Yes, there are often times that I emerge with nothing. And if you read this blog, you know, you know, you know…there are so many times that, for me, it’s just so hard. I look around, and hope that inspiration will come, and write words in the hope that something will come my way.
It does, eventually, but so many times, it comes not when I’m sitting there tapping away, but later, usually at a cruel an inopportune time. I am driving, I am in the shower, or, worst of all, I am in bed, at three in the morning, and I’ve forgotten to keep my pen or voice recorder by my bedside. No problem, I tell myself, I will remember this tomorrow, because how could I possibly forget this amazing cluster of words that are in my mind at this particular moment?

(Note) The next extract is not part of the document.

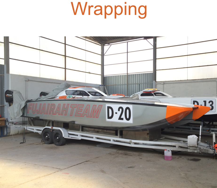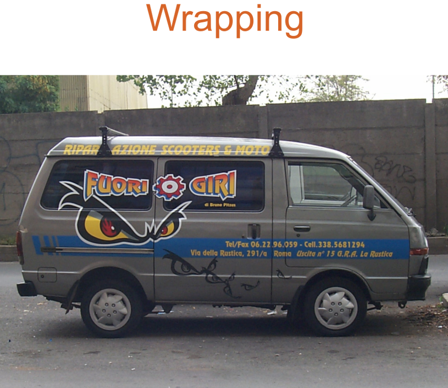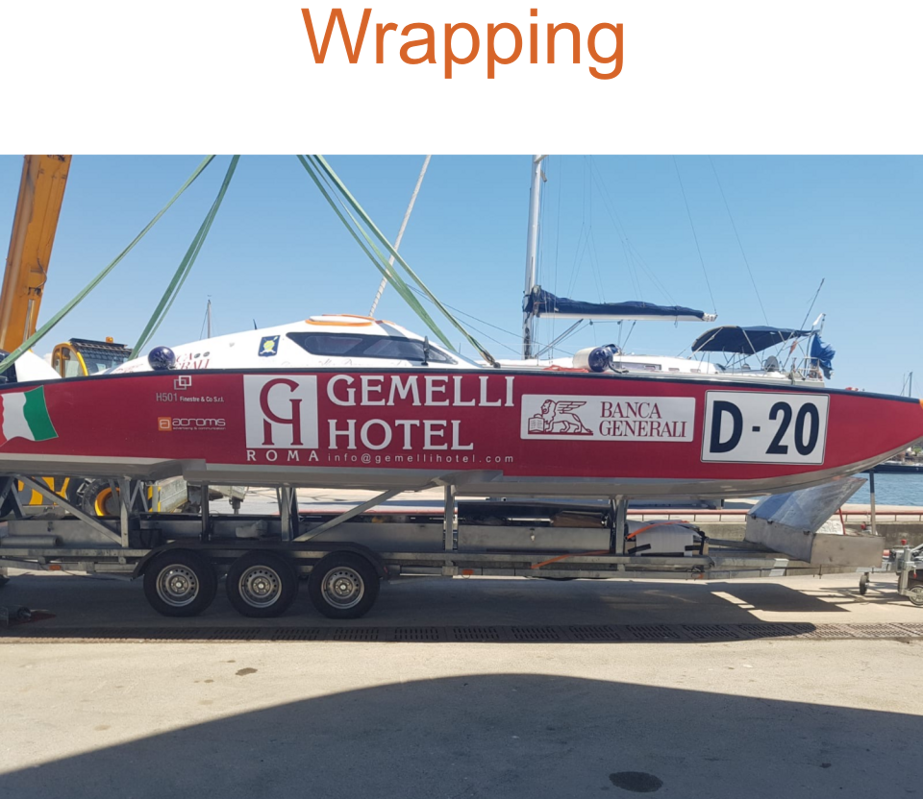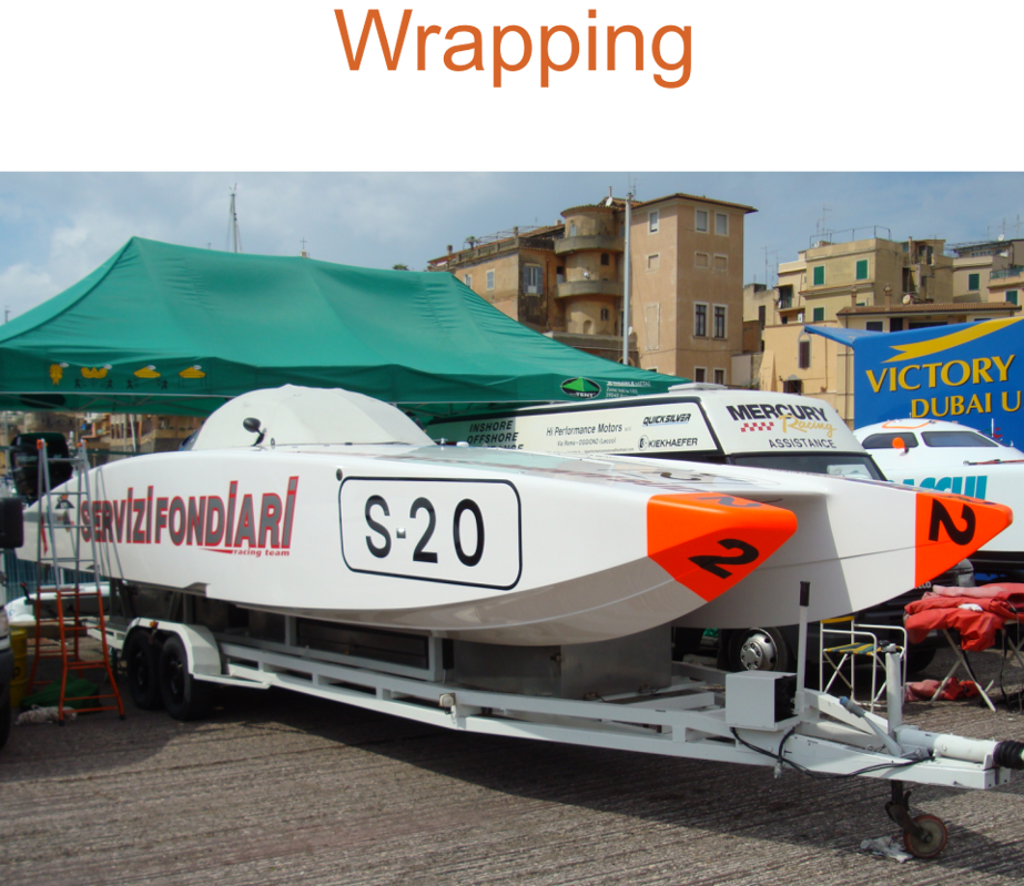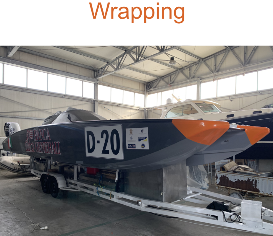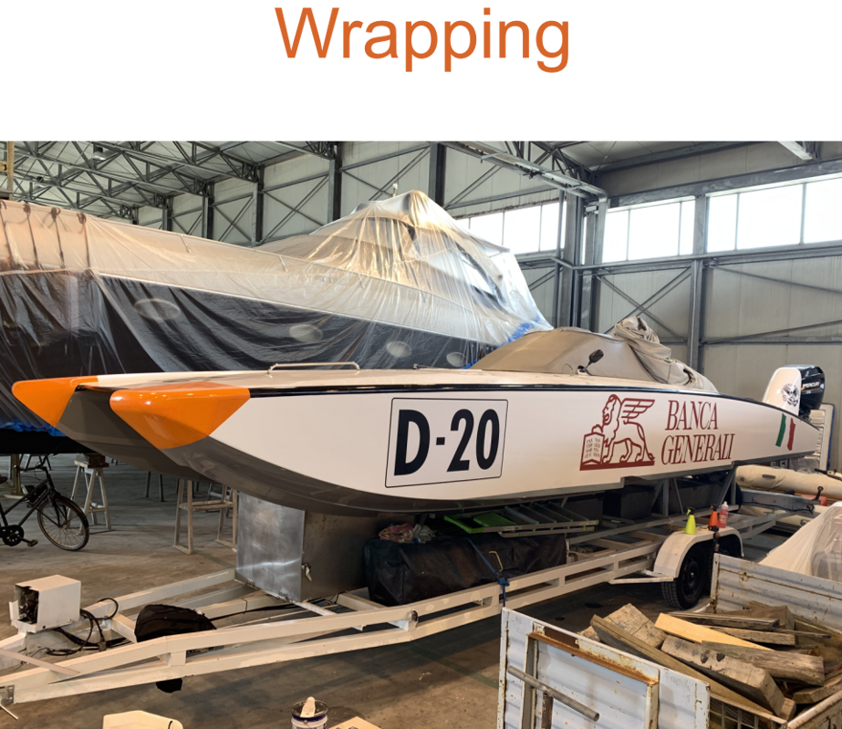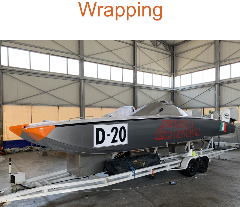 Allestimenti grafici con applicazione di pellicole e grafica adesiva per autoveicoli e natanti.

The answer: easily, and consistently.
No one really knows who said that insanity is doing the same thing over and over and expecting different results (according to the interwebs, people usually credit it to Einstein, but there’a no clear evidence that it came from him), but there is such truth in it, and therefore insanity lies in those moments that I lay in bed, ninety percent asleep, cradling this gift from my subconscious. It slips away as I fall back asleep, and there’a a definite feeling of those words leaving my body, going out into the air, presumably to make their way into the mind of someone else, who will think to write them down, and make millions on the gift that I was foolish enough to pass up just because there wasn’t a pen within reach.
Sometimes, however, I have been fortunate enough to write those words down. I still have two of them, safe in my journal, that came to me in a half dream involving Lon Chaney Jr. as the accursed Lawrence Talbot, bitten by a half wolf, half man creature, and doomed himself to transform on the nights of the full moon: “gypsy mischief.”

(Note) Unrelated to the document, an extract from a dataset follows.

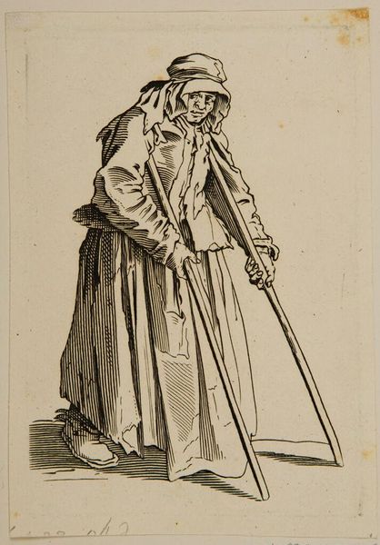 Editor: This is Jacques Callot's "Beggar with a Wooden Leg," an etching from the early 17th century, housed at the Harvard Art Museums. The figure feels burdened, yet there's a strange dignity. What symbols jump out at you? Curator: Notice the hat with the feather, the crutches, the wooden leg itself. Each speaks volumes about societal attitudes toward disability and poverty, doesn't it? Think of them as visual metaphors for resilience and marginalization. Editor: So, the image isn't just about depicting a beggar, but about… Curator: …invoking cultural memory. Callot uses recognizable visual cues to tap into collective understanding of the beggar archetype, imbuing the figure with pathos and, perhaps, even a bit of defiance. It reveals the psychology of both the giver and the receiver of charity. Editor: I never thought of it that way, it's more than just a portrait! Curator: Exactly. These enduring symbols connect us to the past, prompting reflection on how we perceive and treat those on the fringes of society even today.

To this day, there is not so much an image as a feel to those words, of the old woman from 1941’s “The Wolf Man” leaning over a cane with a sparkle in her eye and a faint smile, telling Lawrence Talbot’s father, Sir John Talbot (Claude Rains) that fate is a gremlin. Again, it is not so much the image of that old gypsy woman so much as the feel of what she discusses, of Lawrence Talbot, now with this gypsy mischief in his life, a monthly chaos that comes ever closer with the waxing of the moon.
There are other moments that I don’t have handy at the moment, scraps of slurred speech when I had the presence of mind to record the ten percent of consciousness that allowed me to form words and speak them into my iPhone. Often they show synesthesia, words that mention the sound of the color red, or the scent of the memory of the birthday that I turned ten. What does it feel like, my ninety-percent subconscious mind asks….is that memory rough the touch, downy as cotton, or smooth and cool as polished marble?
I think about these things, the taste of colors, the sound of scents, the scent of sandpaper’s feel against my fingers, and hope that somehow they will find their way into some sort of coherent narrative.
And I put one word in front of the other. It is what I do. It is what I have to do.